See also the official FAQ for the GlassFish JEE container that we are using...
But note that it never really talks about JEE - to - JEE communication, but always assumes standalone Java program to JEE server...

Tip 4: Ports...

Two JEE application servers can communicate via remote procedure call over IIOP (Inter ORB Protocol); bot the JNDI lookups on remote servers and the invocations of methods on remote servers use this IIOP protocol, which means that one port serves both cases. The standard IIOP for GlassFish port is 3700.

If you try things on you own computer, be sure that this port is not blocked...

Tip 5: How to give an EJB a readable name via JNDI

In Netbeans, open you project and navigate to the Sources of the 'request' module; open the configuration tab and edit the ejb-jar.xml file:

It will look something like this:

<sun-ejb-jar>
  <enterprise-beans/>
</sun-ejb-jar>

Replace the empty

 part with this:

<enterprise-beans>
    <ejb>
      <ejb-name>TxControllerBean</ejb-name>
      <jndi-name>My Super New Name</jndi-name>
    </ejb>
</enterprise-beans>

Tip 6: 2PC for Distributed Transfer Transactions

Make sure that your two containers can run a 2-Phase-Commit protocol over the involved data sources. The Derby instances that come with our installation are by default not configured to accept 2PC via XA... You need to configure them in the application server correctly (correct type and correct driver!).

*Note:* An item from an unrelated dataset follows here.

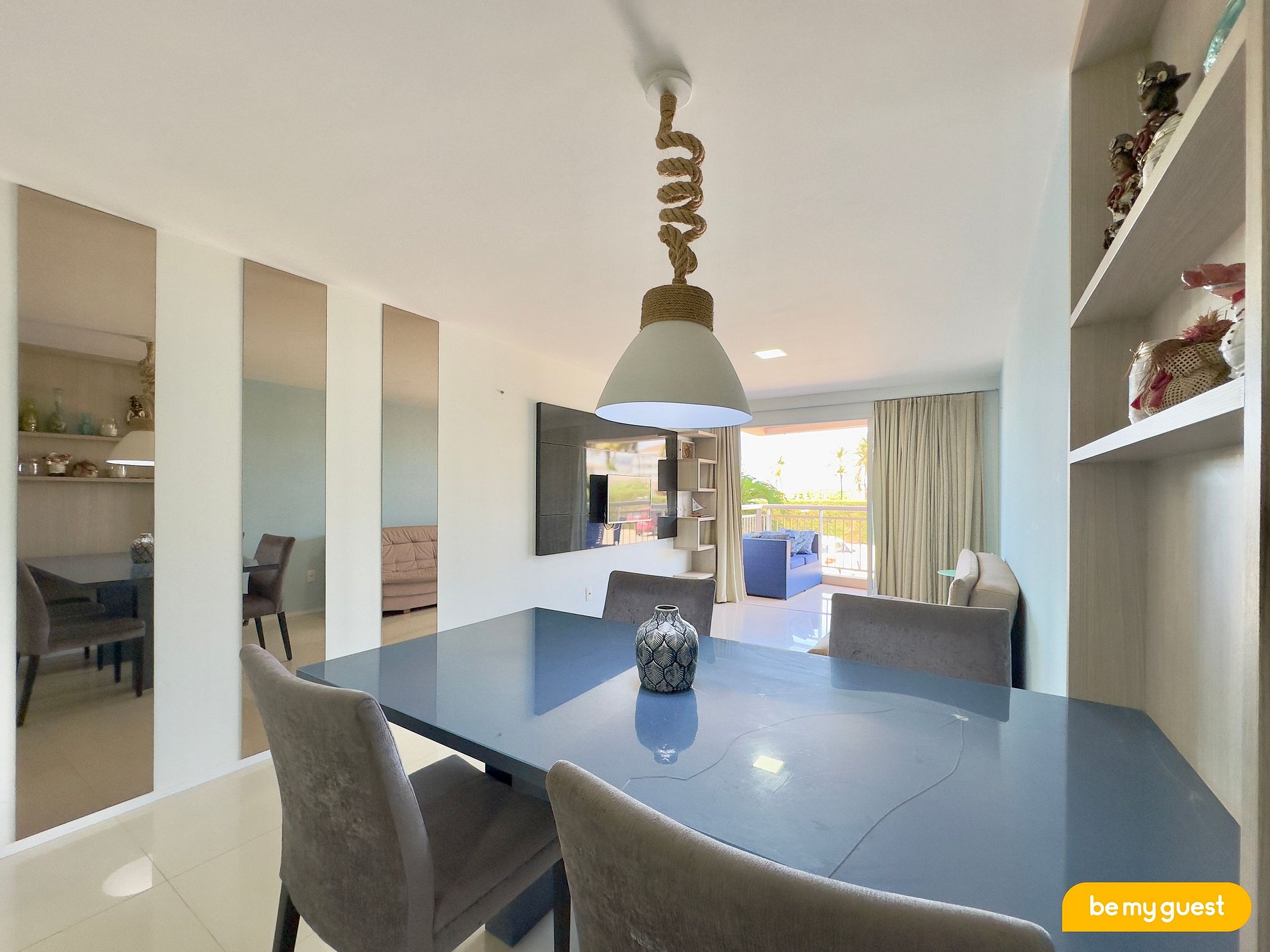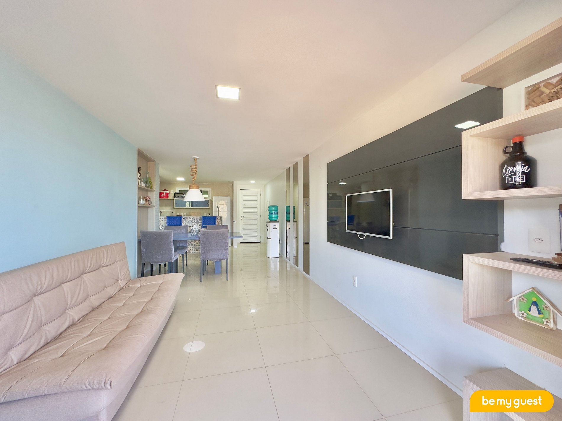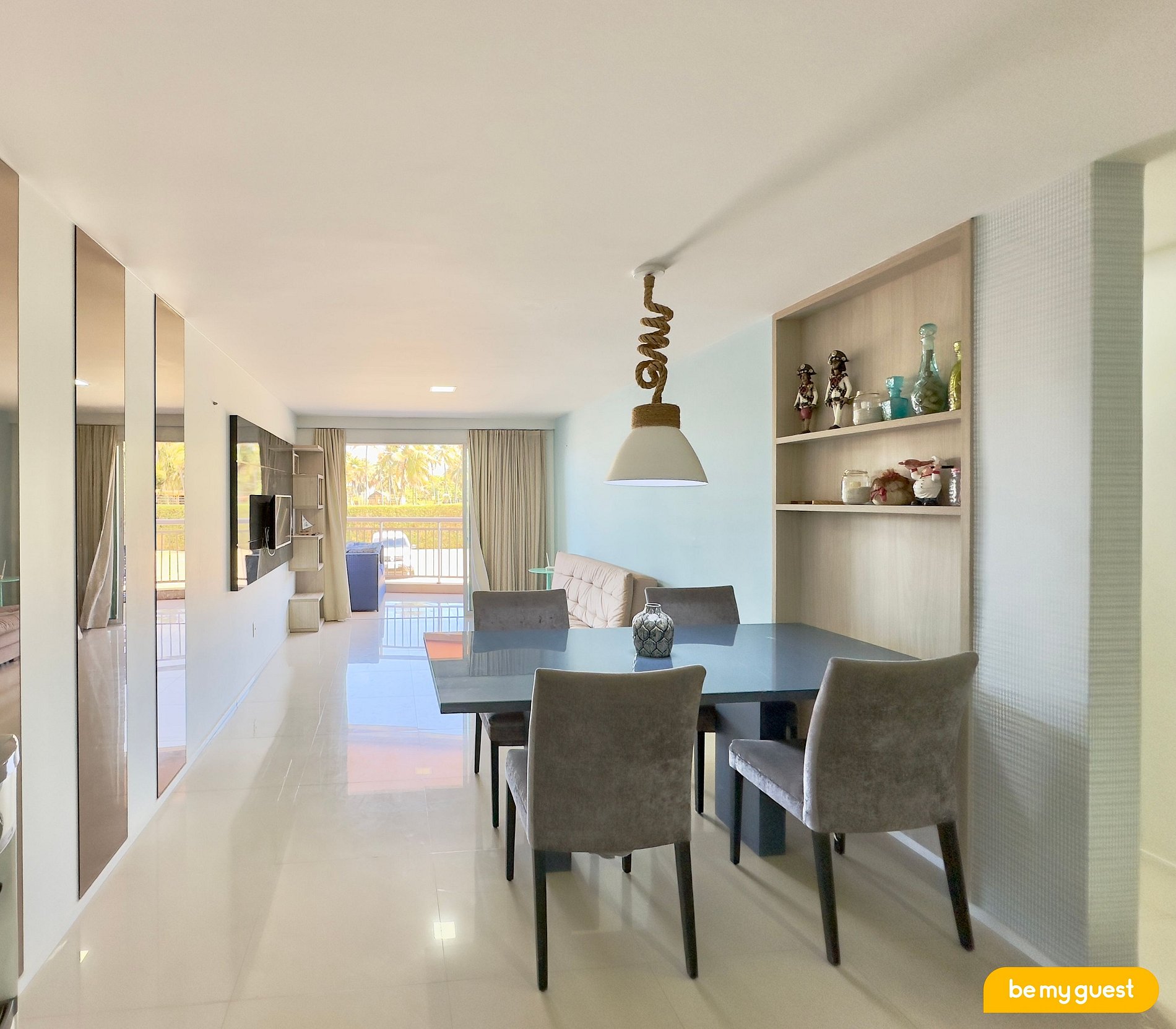 O apartamento conta com 3 quartos, sendo 2 suítes e com capacidade para até 8 pessoas com conforto.

Tip 7: Same JEE user name (application level) on both machines

Make sure you have configured the very same java application user name in each JEE application that should talk to each other - with the same password! So in our case, for example, following the notes from tutorials in week 2 etc, there should be a user 200 with the same password configured in both application servers that are communicating with each other.

Also make sure that there is no OS-level security enabled for the IIOP connection. That is actually the default, so should not be changed! IIOP security should be kept disabled.